Comment le Christ, par l’Eglise, a-t-il encore un corps ? (Dit en passant aussi, le corps du Christ, ce sont les massacrés, les enfants brisés, les malades à en mourir.) Comment, puisque nous sommes engagés dans la semaine de prière pour l’unité des chrétiens, le corps du Christ pourrait-il être vivant à être divisé ? Un corps démembré, voire découpé, disséqué, c’est au bas mot, un corps blessé, plus souvent un cadavre. L’unité des chrétiens n’est pas optionnelle. Sans elle, il n’y a au mieux qu’un corps terriblement limité, voire une dépouille.

De quoi l’Eglise a-t-elle besoin pour être la présence de Jésus en notre monde ? Elle a besoin de tous les membres. Un corps auquel manque des membres, avons-nous dit, est un corps handicapé. Certes, l’Eglise manquera toujours de membres. Elle n’est pas complète, ne peut l’être ; elle ne peut se prendre pour la réalisation achevée, parfaite, de la résurrection.

La liste des charismes n’est pas exhaustive ; elle n’est que trop peu hétéroclite. Il est bien des manières d’être membres. Aujourd’hui, il y a encore de nombreux charismes, plus permanents ou plus ponctuels, au service de l’annonce du Christ ou de l’organisation du corps, ou peu reliés à l’institution. Pourrions-nous en faire une liste ? En quoi chacun se comprend-il membre ? En quoi reconnaissons-nous les autres comme membres du corps ?

Les personnes âgées, dépendantes, ne peuvent plus faire grand-chose. Comment sont-elles membres ? Quel charisme leur reconnaît le corps ? Dans notre diocèse, le ministère ordonné devient extrêmement limité en nombre. Un sixième des paroisses dont la nôtre est sans curé, un tiers a un curé venu d’Afrique. C’est dire l’essoufflement, la disparition du ministère presbytéral. Assurément, et peut-être à tort, le curé est en outre le permanent de la paroisse. Qui, en l’absence de curé, sont les permanents, repérés comme ceux auxquels on peut s’adresser, ceux qui mettent en relation ? Ce ministère de « portier », pas forcément presbytéral, ce ministère de porte de l’Eglise, qui en a le charisme aujourd’hui ?
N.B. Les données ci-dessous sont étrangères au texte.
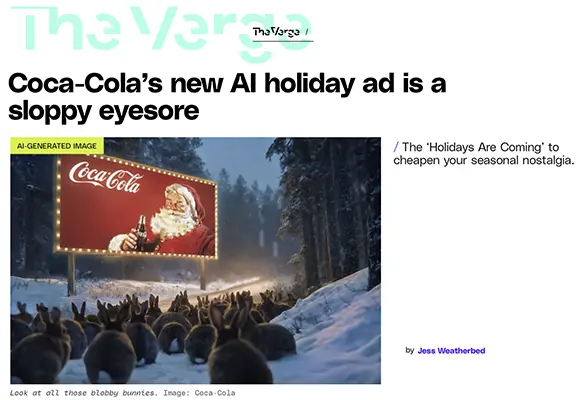 • Coca-Cola’s 2025 AI holiday ad triggers fresh backlash over quality/consistency, underscoring brand risk when generative video misses the mark—even if cheaper/faster. (The Verge)

Devant l’effondrement du ministère presbytéral, on pourrait penser, même fort peu clérical, que c’en est fait du corps du Christ et des charismes. Mais il y a le corps du Christ. Devant l’effondrement du nombre de pratiquants du dimanche, on pourrait penser qu’il n’est plus guère de membres. Or, la fréquentation de la messe dominicale n’est pas l’estampille des membres du corps. C’est seulement un charisme parmi d’autres, celui de marquer, par le rassemblement, qu’il y a le corps du Christ. Quels charismes reconnaissons-nous ? A ne pas voir certains, il se pourrait que nous écartions des membres du corps du Christ. Il y a tant de charismes, à commencer par la charité, la plus grande (1 Co 13), qui ne passera jamais.